Now a slew of new schools, including Ohio State, Indiana, Kansas, Memphis, Alabama, South Carolina, Georgetown and Arkansas are in the mix for the 6-foot-6, high-flying athletic wing who had 10 points as the USA team beat the NYC team, 87-86, Saturday night in the Big Strick classic at City College of New York.
Williams, who will spend his senior season at Oak Hill Academy, plans to visit Alabama this coming weekend, and may trip to South Carolina on the way out.
“[Alabama] is a real get up-and-down team, uptempo,” Williams told SNY.tv in the above video. “They’re recruiting me and my point guard, Anthony ‘Cat’ Barber, so we’re looking at going to them.

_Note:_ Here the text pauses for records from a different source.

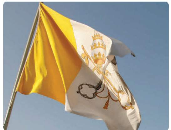
Gelb-Weiss, Tiara und Petruschlüssel: Diese Flagge weist auf eine Einrichtung des Heiligen Stuhls hin, wie eine Nuntiatur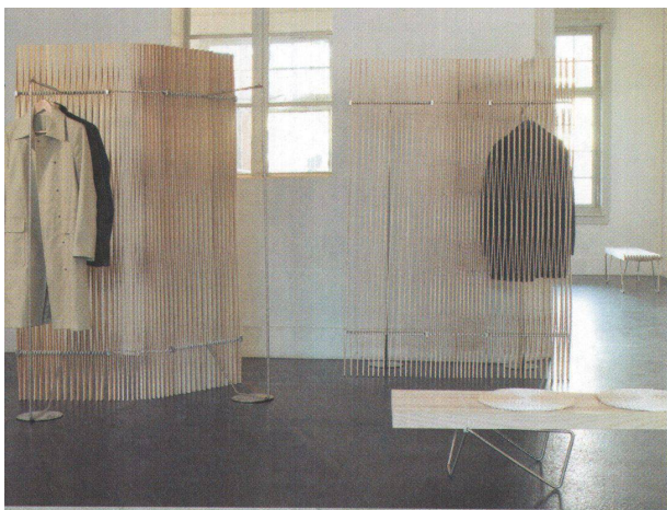
<Bank und Paravent «Plus» von Atelier Oi entstammen demselben Prinzip.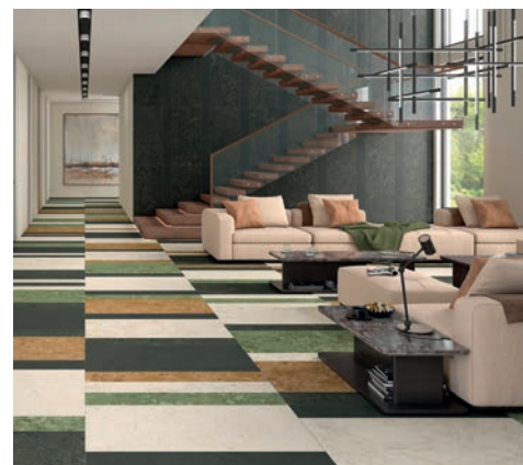
Arcana Cerámica, Black&Cream (120x120, 60x120, 19,4x120, 80x80, 60x60, 59,3x59,3, 28,6x28,6 y 24,3x24,3 cm)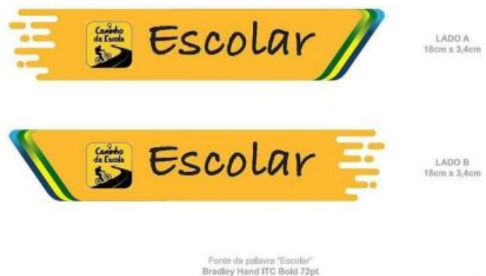
Figura 10 - Ilustração do capacete escolar.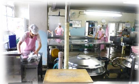
エアコンのない暑い中、給食を作り続けてくださった調理員さんに感謝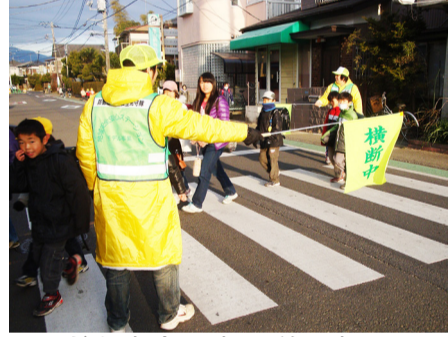
子ども安全見守り隊の方々のボランティア活動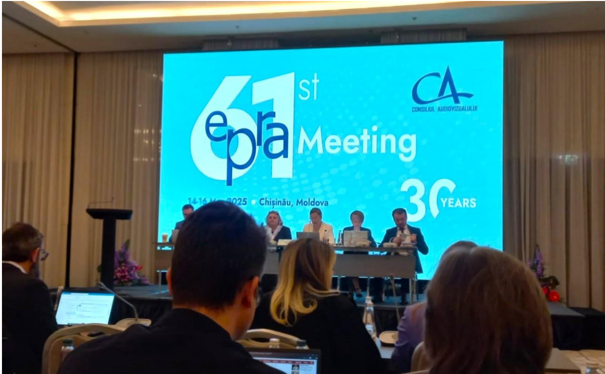
Sessió plenària de la 61a reunió de l'EPRA a Chisinau (Moldàvia) el 15 de maig.

reducció de la transparència editorial. En la segona sessió plenària, s'hi va analitzar com establir estratègies en un entorn de desenvolupament ràpid.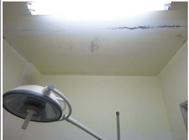
Local de goteira no teto da UTI pediátrica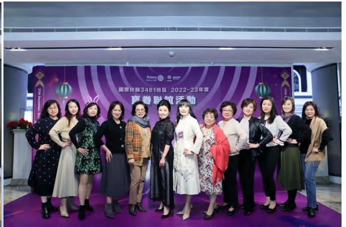
參加地區寶眷聯誼活動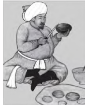
Abdullaxon II (miniatura, 1572)

Muhammad Islom va uning avlodlari o'zlarining kelib chiqishini ota tomonidan Muhammad payg'ambar avlodlariga, ona tomonidan esa Chingizxon va Jo'jiga bog'lar edilar. XVI asrning ikkinchi yarmida Mu-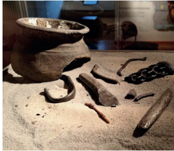
Wurde der Hort von Witzwort wirklich beim Pflügen gefunden?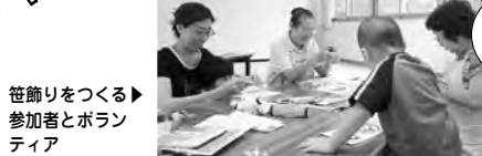
笹飾りをつくる▶参加者とボランティア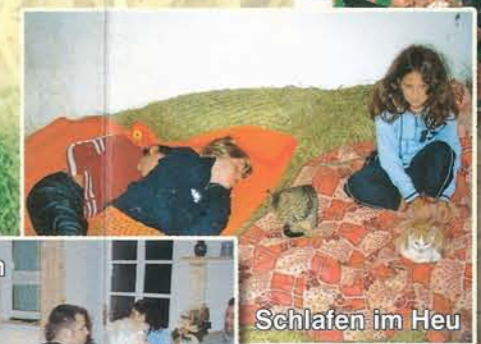
Schlafen im Heu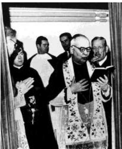
Figura 19. Inauguração da Capela pelo Cardeal Cerejeira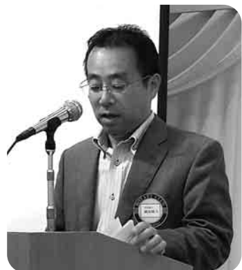
卓話 瀬高雑誌広報委員長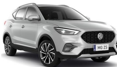
MONUMENT светло сива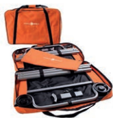
verpackt in der Tasche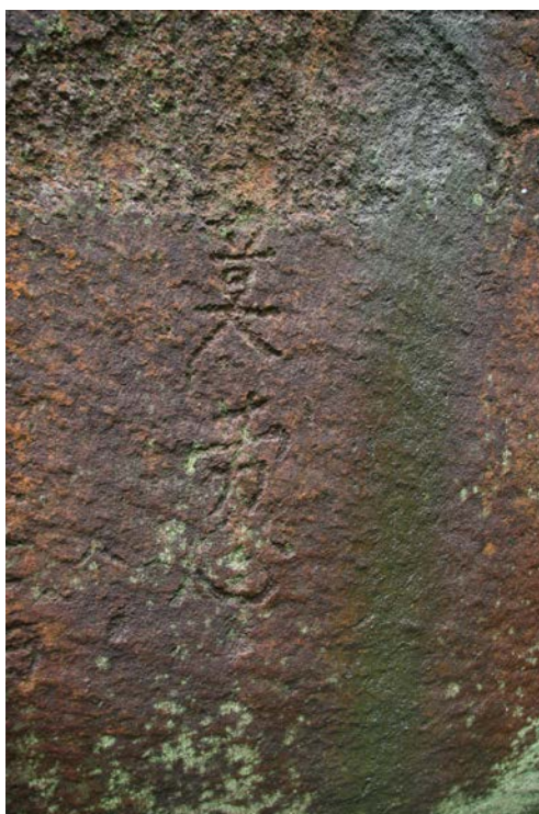
圖 7. 寶鏡灣遺址「藏寶洞」東壁下方所刻「莫勞心」疑為近世所刻。

除了遺址外，我們主要造訪的是「藏寶洞」岩畫，由珠海市博物館副館長進行解說。陳振忠副館長說道來此處探查遺址及岩畫時，先進行居民的訪談，得知有一個「藏寶洞」，這個地名的由來是因為清朝乾隆到嘉慶年間有一個叫張保仔的海盜，在此地劫富濟貧，傳說張保仔將財寶分為三份，“天一份、地一份、人一份”。天一份，資助當地貧民；地一份，挖地掩埋以應急需；人一份，犒賞有功將士。這個藏寶洞據說就是那個“地一份”埋藏寶藏的地點。甚至今寶鏡灣岩畫下還刻有「莫勞心」（圖 7）這樣的字眼。我們這群參訪者紛紛推測，到底是後人盡力挖掘後無所獲所留下的警語，還是這其實是表示「寶藏已被我取走了，所以不要再費心挖掘了」？引為趣談。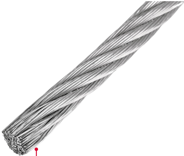
Acero acabado galvanizado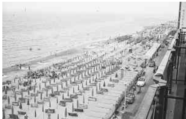
fascia costiera intensamente antropizzata in corrispondenza di Pesaro (Mar Adriatico)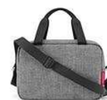
ZK 7052 twist silver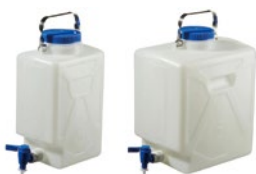
角型カーボーイ 活栓付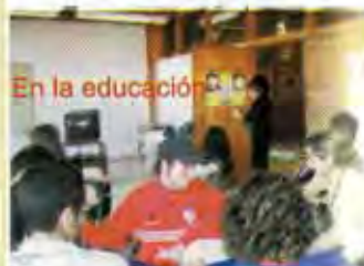
En la educación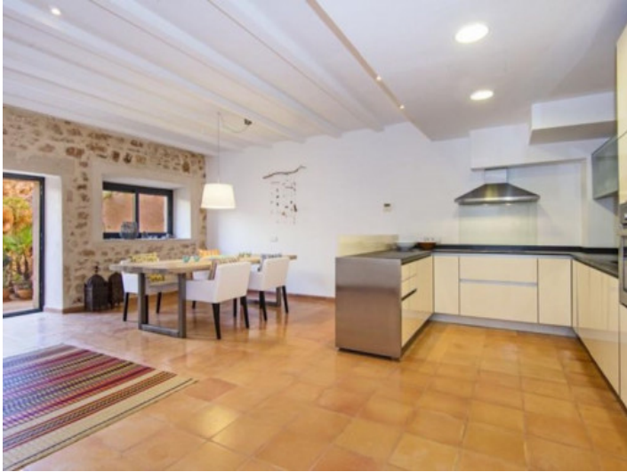
Offene und moderne Küche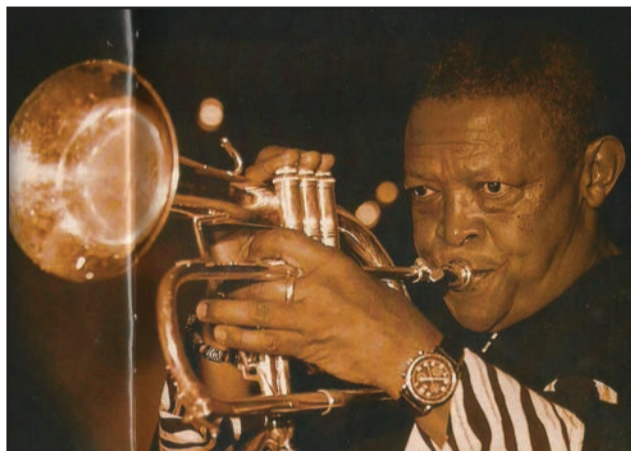
Hugh Masekela avec son instrument de prédilection

Hugh Masekela crée alors son groupe qui se fait parler de lui dans le milieu jazz jouant aux côtés du tromboniste Jonas Gwangwa et du grand pianiste de jazz Abdullah Ibrahim, plus connu sous le nom de Dollar Brand. Considéré comme un talent précoce, «Hugh», comme on l'appelait familièrement, jouait à cette époque un jazz très cool influencé par les rythmes d'Afrique du Sud. Son mentor, le père Huddle-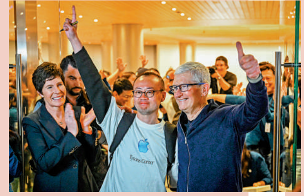
▲3月27日，在上海蘋果零售店開幕儀式上，蘋果公司首席執行官庫克發起大擁擠，為中國點讚。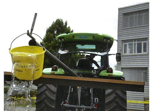
Die Solothurner hatten mit Traktor und Haken Wassereimer auf eine Waage zu befördern.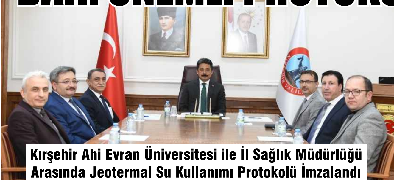
Kırşehir Ahi Evran Üniversitesi ile İl Sağlık Müdürlüğü Arasında Jeotermal Su Kullanımı Protokolü İmzalandı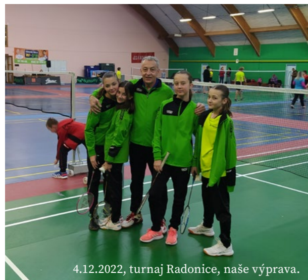
4.12.2022, turnaj Radonice, naše výprava.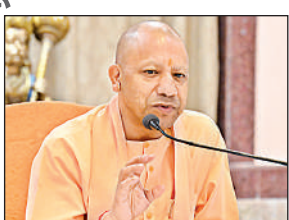
प्रधानमंत्री नरेंद्र मोदी

मुख्यमंत्री ने गुरुवार को अपने आवास पर यूपी दिवस-2026 की तैयारियों की समीक्षा करते हुए निर्देश दिए कि 24 से 26 जनवरी तक तीन दिवसीय समारोह के दौरान लखनऊ में मुख्य आयोजन के साथ-साथ प्रदेश के सभी जिला मुख्यालयों, देश के सभी राजभवनों और विदेशों में स्थित भारतीय दूतावासों में भी यूपी दिवस के कार्यक्रम आयोजित किए जाएं।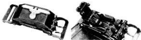
Střílející přezka SS

Další technické řešení měly jednotky SS. Konkrétně se jednalo o tzv Marquisovy střílející přezky k opaskům. Viz obrázek níže.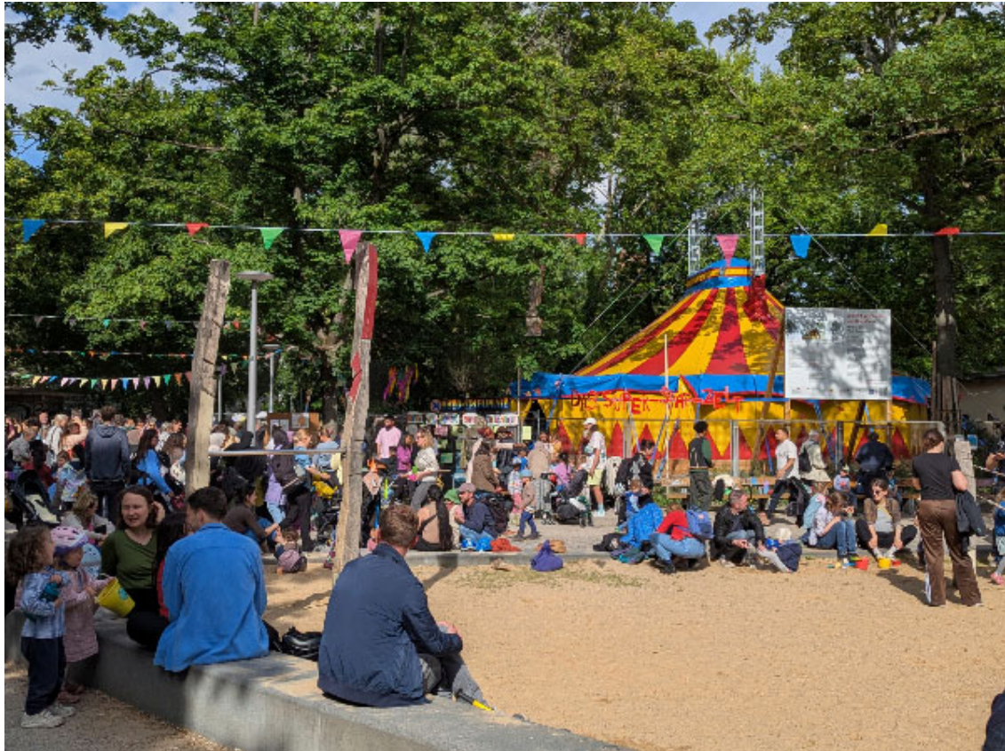
Richtfest Moabiter Kulturmanege am 27.05.2025

Eine große Veränderung ist außerdem am Otto-Spielplatz zu entdecken. Ende Mai erfolgte die Aufstellung des Zeltes für die Moabiter Kulturmanege , was mit einem Richtfest am 27. Mai gefeiert wurde. Ein neuer Zugang zum Ottopark ermöglicht eine Nutzung auch außerhalb des Spielplatzbetriebs und schafft Sichtbarkeit. Zur Beheizung in den kälteren Monaten werden aktuell Luft-Luft-Wärmepumpen zusammen mit einer Photovoltaik-Anlage auf dem Spielhausdach installiert. Auch der Innenausbau ist mit dem Einbau der Tribüne und der Veranstaltungstechnik weit vorangeschritten. Wir freuen uns im Frühjahr 2026 die große Einweihung gemeinsam mit euch und dem Moabiter Ratschlag e.V. feiern zu können.

“I’ve been talking to coach Anthony Grant a lot. He’s excited about me coming down to the campus next weekend.”
Williams and Barber, who missed the Big Strick game with an injury, are considering packaging at Alabama, Louisville or potentially Kansas.
“We’re about 50/50 on it,” Williams said. “We’re going to talk about it more. We’re going to try and either commit and sign in November. If not, we’re going to just wait until the spring.”
As for the other schools, Williams has no visits planned.
“With Kansas, they finished second last year,” Williams said. “I’ve been keeping in touch with Coach [Bill] Self and coach [Joe] Dooley a lot. They’re also recruiting Cat, too, so they’re looking to get us together.”